For early Protestants one was meant to direct one's selfless energies to the community as a whole, the public realm, where everyone deserved fairness and dignity. Protestantism and eventually scientific capitalism turned its back on miracles. Weber called this the disenchantment of the world.
So prosperity wasn't to be thought of as something mysteriously ordained by God, it could only be the result of thinking methodically, acting honestly, and working industriously and sensibly over many years. Without a belief in miracles people turn to science for explanations and changes which encouraged scientific investigation and discovery and eventually technological booms. Taken together these five factors created, in Weber's eyes, the crucial catalytic ingredients for capitalism to take hold.
Marx had argued that religion was the opium of the masses, a drug that induced passive acceptance of the horrors of capitalism. But Weber turned this dictum on its head. People didn't tolerate capitalism because of religion.
They only became capitalists as a result of their religion. There are about 35 countries where capitalism is now well developed. It probably works best in Germany where Weber first observed it.
But in the remaining 161 nations it arguably isn't working very well at all. This is a source of much puzzlement and distress. Billions of dollars in aid are transferred every year from the rich to the poor parts of the world.
But a Weberian analysis tells us that these materialist interventions will never work because the problem isn't really a material one to begin with Instead certain countries for Weber fail to succeed at capitalism because they don't feel anxious and guilty enough. They trust too much in miracles. They like to celebrate now rather than invest in tomorrow and their members feel it's acceptable to steal from the community in order to enrich their families favoring the clan over the nation.

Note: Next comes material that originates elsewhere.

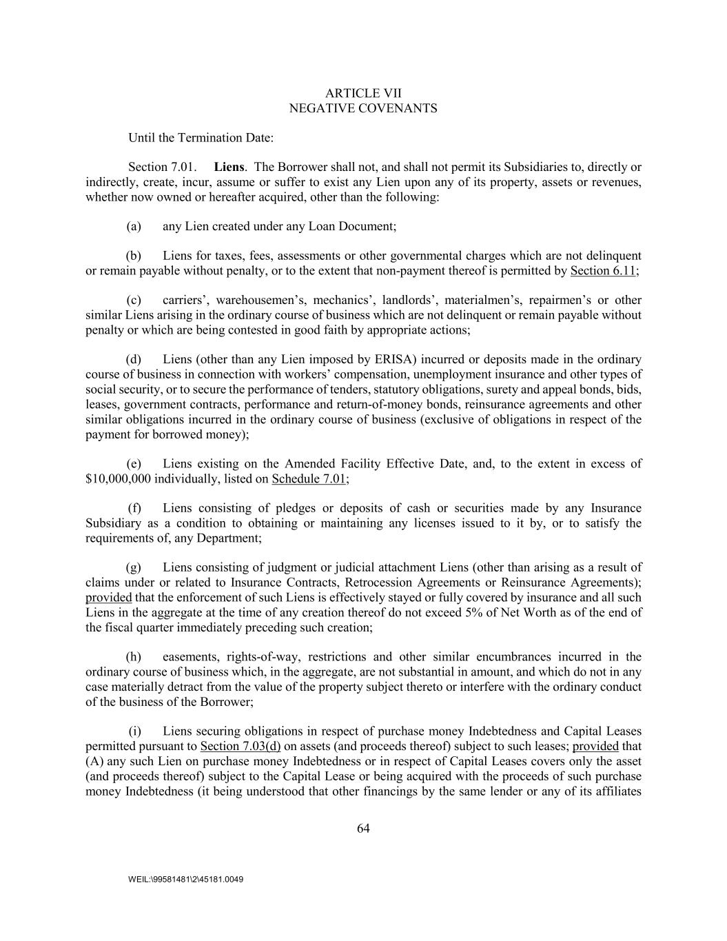 77 WEIL:\99581369\2\44393.0003 similar obligations incurred in the ordinary course of business (exclusive of obligations in respect of the payment for borrowed money); (e) Liens existing on the Effective Date, and, to the extent in excess of $5,000,000 individually, listed on Schedule 7.01; (f) Liens consisting of pledges or deposits of cash or securities made by any Insurance Subsidiary as a condition to obtaining or maintaining any licenses issued to it by, or to satisfy the requirements of, any Department; (g) Liens consisting of judgment or judicial attachment Liens (other than arising as a result of claims under or related to Insurance Contracts, Retrocession Agreements or Reinsurance Agreements); provided that the enforcement of such Liens is effectively stayed or fully covered by insurance and all such Liens in the aggregate at the time of any creation thereof do not exceed 5% of Net Worth as of the end of the fiscal quarter immediately preceding such creation; (h) easements, rights-of-way, restrictions and other similar encumbrances incurred in the ordinary course of business which, in the aggregate, are not substantial in amount, and which do not in any case materially detract from the value of the property subject thereto or interfere with the ordinary conduct of the business of the Borrower; (i) Liens securing obligations in respect of purchase money Indebtedness and Capital Leases permitted pursuant to Section 7.04(d) on assets (and proceeds thereof) subject to such leases; provided that (A) any such Lien on purchase money Indebtedness or in respect of Capital Leases covers only the asset (and proceeds thereof) subject to the Capital Lease or being acquired with the proceeds of such purchase money Indebtedness (it being understood that other financings by the same lender or any of its affiliates under Indebtedness also permitted under Section 7.04(d) may be cross collateralized) and (B) such purchase money Indebtedness and Capital Leases are otherwise permitted hereunder; (j) Liens securing obligations permitted under Sections 7.04(f) and/or (g), to the extent such Liens are identified and permitted under such Section; (k) Liens arising as a result of claims under or related to Insurance Contracts, Reinsurance Agreements or Retrocession Agreements in the ordinary course of business, or securing Indebtedness of Insurance Subsidiaries incurred or assumed in connection with the settlement of claim losses in the ordinary course of business of such Insurance Subsidiaries; (l) Liens securing obligations permitted under Section 7.04(h); (m) Liens on assets of a Subsidiary securing obligations owed to the Borrower or a Subsidiary and permitted under Section 7.04(m); (n) (i) Liens on assets of Insurance Subsidiaries and Subsidiaries thereof securing (x) Indebtedness permitted by Section 7.04(r), (y) obligations under Primary Policies or (z) obligations under transactions entered into in connection with Insurance Investments, (ii) statutory Liens on assets of Insurance Subsidiaries and Subsidiaries thereof and (iii) Liens arising in connection with Insurance Contracts, Reinsurance Agreements and Retrocession Agreements entered into in the ordinary course of business;

Today, Weber would counsel those who wish to spread capitalism to concentrate on our equivalent of religion -- culture. It's a nation's attitudes hopes and a sense of what life is about that produces an economy that either flourishes or flounders. To reduce poverty, Weber would say one has to start at the level of ideas.
What the World Bank and the IMF should be giving sub-saharan Africa is not, in a Weberian analysis, money and technology but a new outlook. The decisive question for an economy should not be what the rate of inflation is but what's on TV tonight. Weber was writing in an age of revolution.
He, too, wanted things to change but he believed that one first had to work out how political power operated. Weber believed that humanity had gone through three distinct types of power. The older societies operated according to what he called traditional authority where kings relied on folklore and divinity to justify their power.
Then came the age of charismatic authority where a heroic individual, most famously Napoleon, could rise to power with a magnetic personality and change everything through passion and will. However, Weber explained that we had now entered a third age of bureaucratic authority. Bureaucracy achieves its power via knowledge.
Only the bureaucrats know how stuff works and it will take an outsider years to work it out. Most of us simply give up, usefully for the powers that be. The dominance of bureaucracy has major implications for anyone trying to change a nation.
There is often an understandable but misguided desire to think that one just has to change the leader. But in fact removing a leader almost never has the degree of impact that is hoped for. If we're to get things to go better much of it will have to come through outwardly rather undramatic bureaucratic processes.
It will come through the marshalling of statistical evidence, patient briefings to ministers, testimonies to committee hearings, and a minute study of budgets. Weber tells us how power works now and reminds us that ideas may be far more important than tools or money in changing nations. It's a hugely significant thesis.
With Weber's guidance we learn that so much which we associate with vast, impersonal, external forces is, in fact, dependent upon something utterly intimate and perhaps more malleable: the thoughts in our own heads.